## Reading HTML with handles of US Senators

This notebook aims to gather the Twitter handles of all U.S. Senators, which will then be incorporated into a dataframe. Subsequently, the handles will be utilized to fetch the corresponding user_ids, as it is the user_id, not the username, that is essential for extracting tweets from each user's timeline.

Upon creating a dataset containing the user_ids of each Senator, our primary objective is to extract tweets from their respective accounts and reconstruct the Republican vs.
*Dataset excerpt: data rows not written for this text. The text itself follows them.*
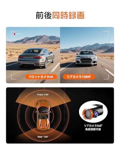 JADO ドライブレコーダー 前後カメラ 小型ドラレコ 4 K UHD 800万画素 IMX 415センサー搭載 GPS内蔵 Wi-Fi対応 WDR|HDR補正 スーパー暗視機能 F 1.5大口径レンズ 3.16インチ液晶 衝撃録画 Gセンサー 駐 a 5292478
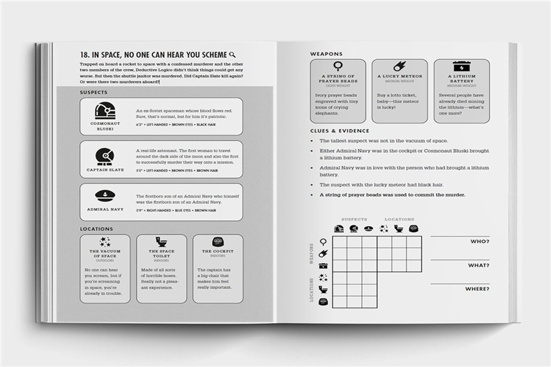 With over forty mysteries featuring key suspects, locations, clues and more to enter into your trusty deduction grid, Murdle Junior: Curious Crimes for Curious Minds is an introduction to a nefarious world will love to dive into, using logic and the power of deduction to figure out each whodunnit.
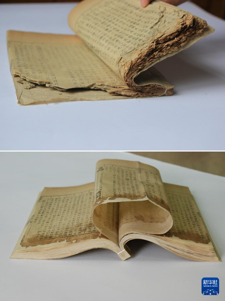 这是古籍修复前后的对比图(上图为修复前的古籍,下图为修复后的古籍)。
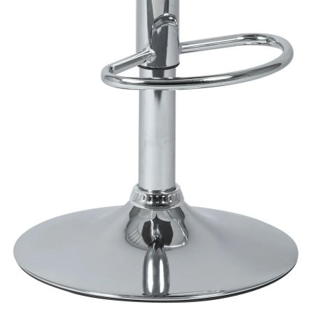 Assise en PVC souple Marron. Garnissage : Mousse polyuréthane de densité 25kg/m3. Base et pied en acier finition chromé. Assise réglable en hauteur grâce à une manette. Suspension à gaz.
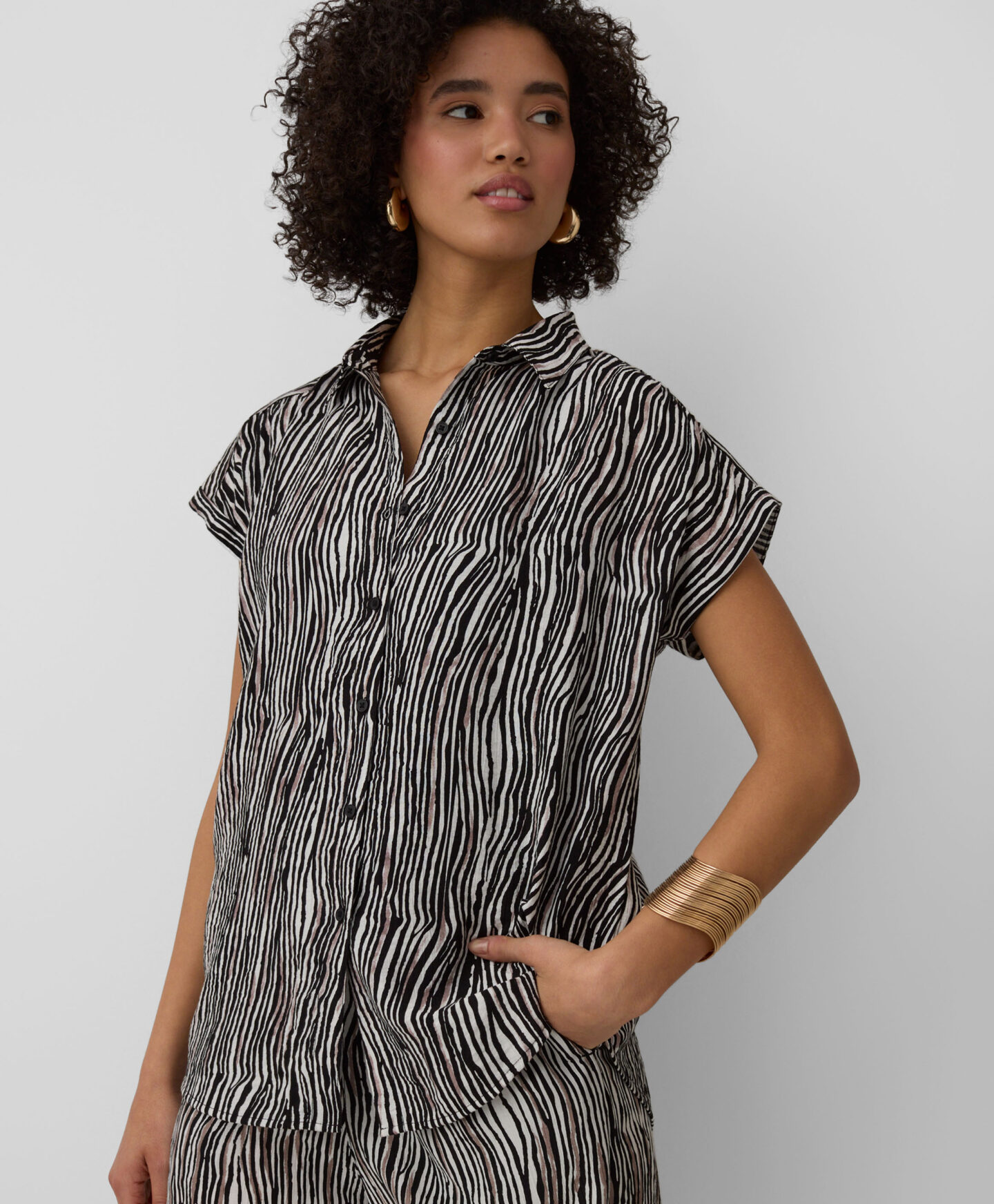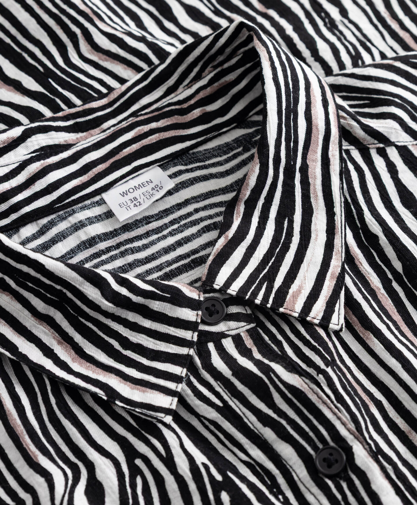Koszula damska 100% wiskozy ma krótki rękaw, który idealnie sprawdzi się w ciepłe dni. Jest zwiewna, lekka i pozwala skórze oddychać. Miękki materiał miło otula Cię, oferując komfort przez cały dzień noszenia. Koszula świetnie będzie prezentować się z szortami, ulubionymi jeansami czy bardziej eleganckimi spodniami.
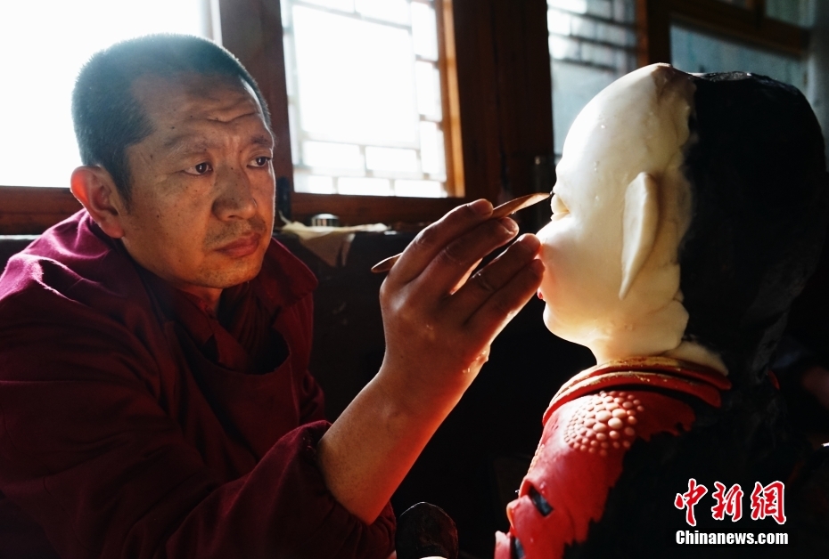 2月1日,在位于青海省西寧市湟中區(qū)境內(nèi)的藏傳佛教名剎塔爾寺內(nèi),藝僧正在制作酥油花。
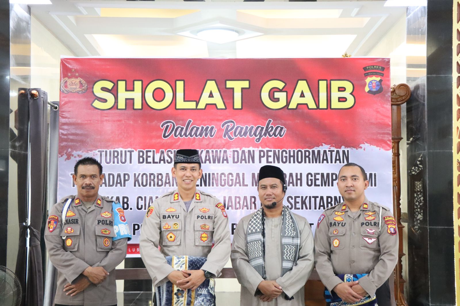 Polres Kobar Gelar Sholat Ghoib Mendoakan Korban Bencana Alam Cianjur di Masjid Sunan Giri
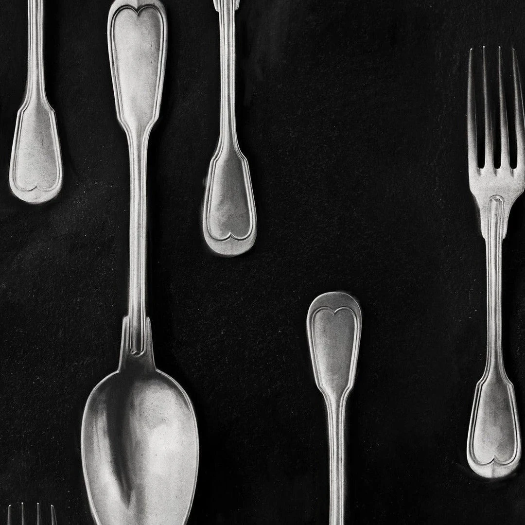 Decorate your walls with the Cutlery wallpaper from Mind The Gap. Featuring large-scale elegant cutlery floating upon a dark backdrop. The perfect statement for any wall in your kitchen or dining room. Easy to put up with the paste the wall application and will enhance any room whether it is one wall or all. This wallpaper is digitally printed using eco-friendly inks. Available in brass, copper or silver.
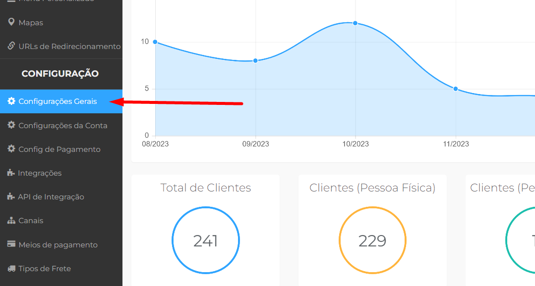 1- Em seu Painel Administrativo, acesso o menu "Configurações Gerais"
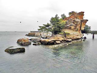 2012/9/23(7:37) 岩屋港ポートパークから見る「絵島」。 「絵島」は、明石への船が発着する「岩屋港」に 隣接する直径50m足らずの小島である。 写真をクリックすると拡大写真(600x450)が 表示されます。
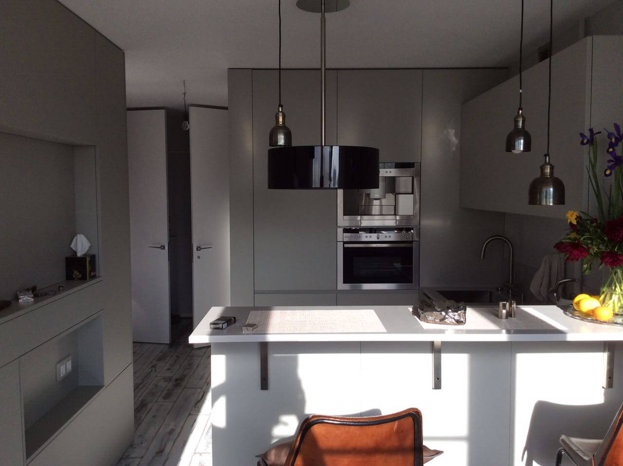 Кухня “Вонгола” в стиле модерн под заказ от компании ЛАДОС МЕБЕЛЬ. Кухня изготовлена из МДФ с матовой отделкой с применением матовой полиуретановой эмали FO 05M060. Основными преимуществами эмали являются:

Democrat dataset.

In [1]:
#import library
import pandas as pd

In [2]:
# read this webpage with handles from senators
members = pd.read_html("https://pressgallery.house.gov/member-data/members-official-twitter-handles")

In [3]:
# revise type of variable created
type(members)

list

Since it's a list, it is going to be complicated to deal with. We will have to convert into a DataFrame.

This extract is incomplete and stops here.